I am in a cranky mood and I actually thought that you were someone else. As soon as I realized that I actually like you and think that you're pretty cool, I deleted it. I didn't delete it because I wanted to do some kind of a stealth asshole move but mostly because I was being way too harsh and probably full of shit.

Sorry man. This kind of soapbox bullshit is something that I've made an effort not to do. Good luck with the movie.

Don't sweat it, man. I completely understand. On the surface -- which is what you had to respond to -- the reek of sleaze and feminine disempowerment is all over this thing. Which is kind of the point.

This is a story ABOUT strip clubs, and the weird dynamics of that petri dish subculture. As such, it's about the people, and the relationships therein. How these men and women feel about themselves, and each other. Why they're there. What they want. What their damage is. Where their power is. And how it comes out, as the slime on the money the Dark Stranger dispenses forces them to reveal who they really are.

It's actually intense and complex and personal. Which is why we need real actresses to deliver the depth. This ain't just about one-dimensional eye candy for oglers. All of these characters are multi-layered; and the amount of humanity the performers bring will illuminate the difference between e-z sexist caricature and actual human being.
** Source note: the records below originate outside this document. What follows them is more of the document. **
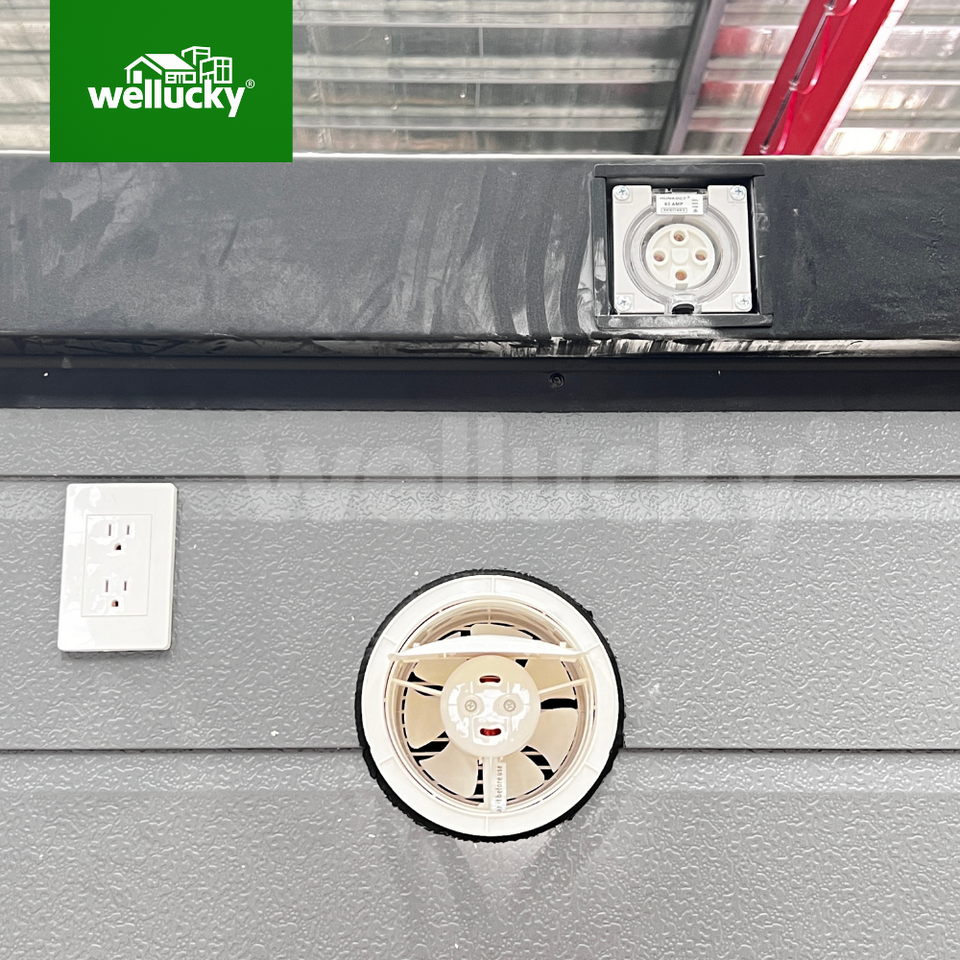 Matériau principal:Structure en acier galvanisé à chaud de 2 mm/3 mm, revêtement de sol en PVC de 1,8 mm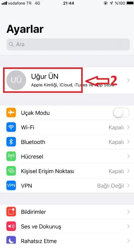 • Sonrasında ise açılan Ayarlar menüsü üzerinde bulunan Apple kimliğimizi seçiyoruz.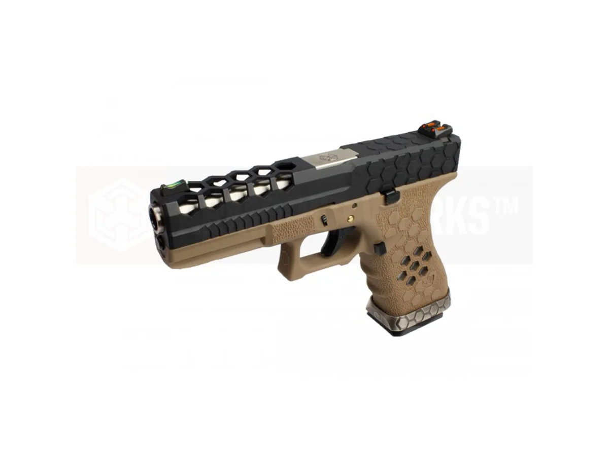 Are you tired of the standard design of 1911 series pistols? The Hex-Cut series includes a variety of ergonomic models, with various lengths, trigger styles, colors, and cuts. The VX0111 Metal pistol replica is part of a generation of custom-ready replicas from AW Custom. This replica certainly draws attention due to its design and high-quality materials.
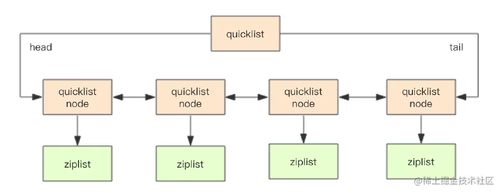 在Redis3.2版本之后,list的底层实现方式又多了一种,quickList。qucikList是由zipList和双向链表linkedList组成的混合体。它将linkedList按段切分,单个节点使用zipList来紧凑存储,多个zipList之间使用双向指针串接起来。示意图如下所示: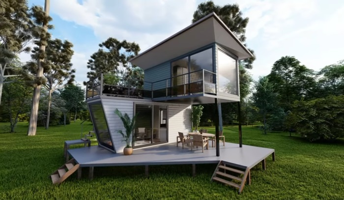 Срезанный под углом торец и щедрое остекление сделает летний домик более светлым и объемным. | Фото: newtrendhouses.com.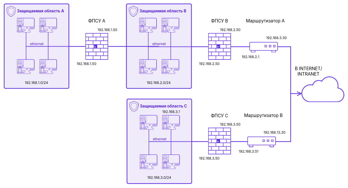 Доступ от абонентов области А к абонентам области С осуществляется через ФПСУ В, задан правилом трафика, разрешающим доступ в область С.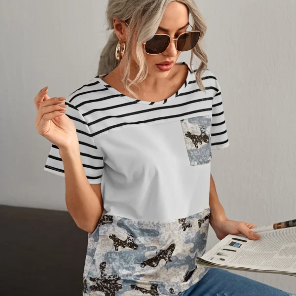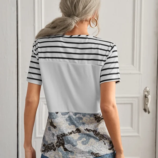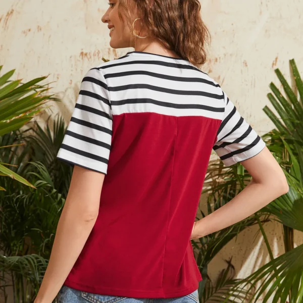 SMY Casual Color Block Round Neck Short Sleeved T-Shirt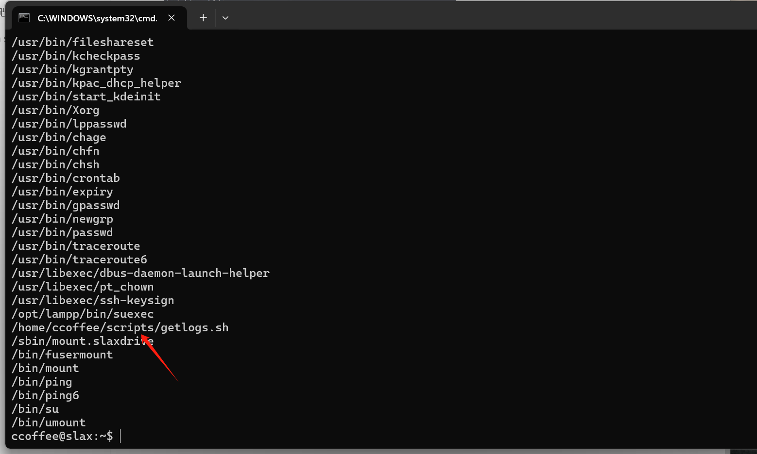 从截图中可以看出,在列出的所有用户中,用户 ccoffee 为位于路径 /home/ccoffee/scripts/getlogs.sh 命令启用了 SUID 位,这意味着我们可以执行 getlogs.sh 命令内的任何命令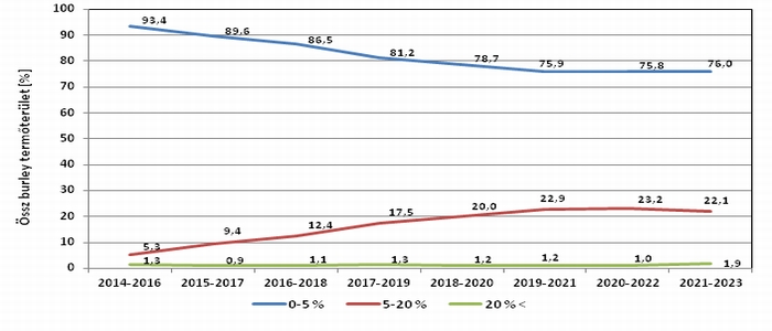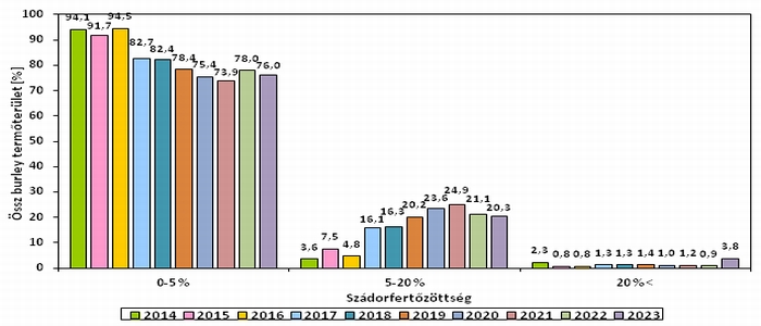 A burley esetében (2. ábra) a virginiához hasonló változás figyelhető meg a felvételezés tíz éve alatt. A kevésbé fertőzött területek részaránya magasabb értékről (94,1 %) indult 2014-ben, mint a virginia fajtacsoportban, 2023-ra viszont a virginiánál regisztrált szintre csökkent. Az 5-20%-os kategóriába sorolt terület növekedett a felmérés évei alatt, míg az erősen fertőzött területek részaránya kis mértékben ingadozott.

I guess you'd have to read the story to know what we're really up to. Or not. As is your wont.

All I can say is, we're out to blow minds, with amazing people, in the spirit of total revelatory respect and transcendent kickass entertainment. Hope the end result answers and honors your legitimate concerns.

Yer pal,

This is great news! The book stomped my head in the best of ways and I'm sure the movie will do the same. All the best to ya, John!